Dosagem alcoólica é insuficiente para definir crime, diz TJ
Fonte: revista eletrônica Consultor Jurídico
A concentração de álcool acima da quantidade máxima prevista na Lei
Seca - seis decigramas por litro de ar expelido dos pulmões - não
significa, necessariamente, que o motorista esteja com sua capacidade
psicomotora alterada e, portanto, possa por em risco a segurança no
trânsito. Com esse entendimento, a 8ª Câmara Criminal do Tribunal de
Justiça do Rio acolheu os embargos interpostos por Juliano Silva Dias. O
acórdão foi proferido no dia 14 de março.
O motorista reivindicou, primeiro, a manutenção da sentença de
absolvição do juiz da 11ª Vara Criminal da Capital, Alcides da Fonseca
Neto, e, depois, a prevalência do voto vencido da desembargadora Rosa
Helena Penna Macedo, da 3ª Câmara Criminal, no julgamento de uma
apelação interposta pelo Ministério Público.
"De acordo com a denúncia, o recorrido, ao ser parado aleatoriamente
em uma blitz da denominada 'Operação Lei Seca', submeteu-se ao teste do
bafômetro, que resultou positivo. Em nenhum momento o parquet
[Ministério Público] descreveu, na inicial, que o recorrido estivesse de
modo anormal", diz a decisão.
Segundo o voto, "não basta o 'consumo' para que se esteja 'sob a
influência de'. É preciso mais. É preciso que este consumo, não
necessariamente muito exagerado, reduza no condutor a sua plena aptidão
para conduzir veículos automotores, colocando em risco, assim, a
segurança no trânsito". E completa: "Quando a lei [artigo 306 da Lei
11.705/08] fala em 'sob a influência de', naturalmente está exigindo um
resultado concreto, exteriorizável, que demonstre a presença daquela
influência - e não mera ingestão - por ela exigida".
Para tipificar uma infração penal a lei refere-se a hipóteses em que o
perigo concreto de dano esteja evidente, como ao dirigir sem
habilitação - artigo 309 - e trafegar em velocidade incompatível -
artigo 311. "Ora, como visto, a lei só impõe ao condutor a submissão a
tal exame [bafômetro] se houver fundada suspeita de que esteja dirigindo
embriagado.

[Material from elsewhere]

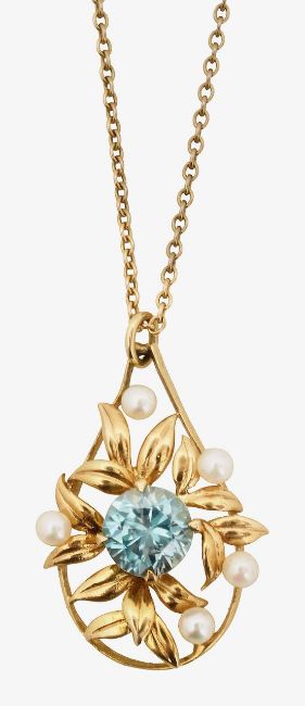 with 9ct hallmark to drop pendant and centrally set round blue zircon with five seed pearls set to gold leaf on a tear drop border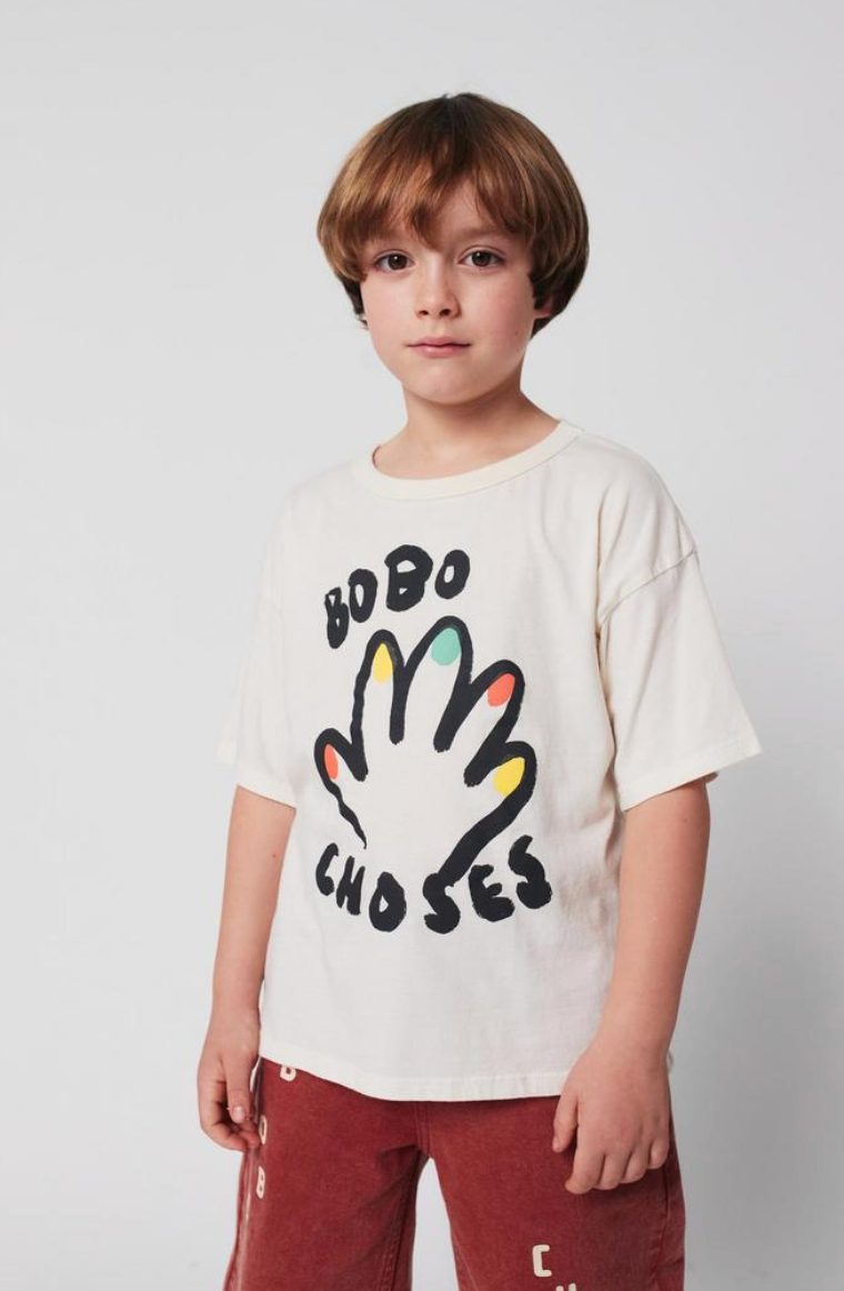 米白色T恤,短袖、寬鬆版型與圓領設計,簡約百搭,滿有活力!

Se não houver motivo para tal suspeita, que, repita-se,
deve ser calcada, logicamente, em fatos concretos, a imposição de tal
obrigação é ilegal e a prova daí advinda apresenta-se, então,
manifestamente ilegal", diz a decisão, que questiona, ainda, a
autoridade dos agentes que atuam na Operação Lei Seca.
"Se a lei restringe ao magistrado o poder de decretar medidas de
buscas somente nas hipóteses em que houver fundada suspeita de ilícito,
não é possível que um simples policial ou funcionário burocrático do
Departamento de Trânsito tenha poder superior, capaz de impor ao cidadão
que se submeta a tal exame como medida de rotina".
Infração administrativa
Em sua conclusão, o acórdão aponta a necessidade de se indicar o fato
exterior que denuncie que o motorista está sob a influência de álcool,
ou seja, "a conduta anormal, a qual já é suficiente para expor a risco a
segurança viária, e não apenas afirmar que foi ultrapassado o limite
legal de concentração de álcool no sangue, que constitui tão somente
infração administrativa".
Levantamento do TJ-RJ, divulgado no dia 26 de março pelo jornal O Dia,
aponta que em quatro anos de vigência da Lei Seca foram registradas 283
absolvições e 96 condenações. A justificativa para o número reduzido de
punições reproduz o teor do acórdão da 8ª Câmara Criminal citado: não
ficou comprovado que o motorista representou risco nas ruas, apesar de
ter bebido.
Desde janeiro, pela resolução 432 do Conselho Nacional de Trânsito,
basta um gole de bebida alcoólica para o motorista receber multa de R$
1.915,40 e suspensão da carteira em até um ano. Na esfera criminal, a
embriaguez pode ser identificada inclusive com testemunhas e vídeo.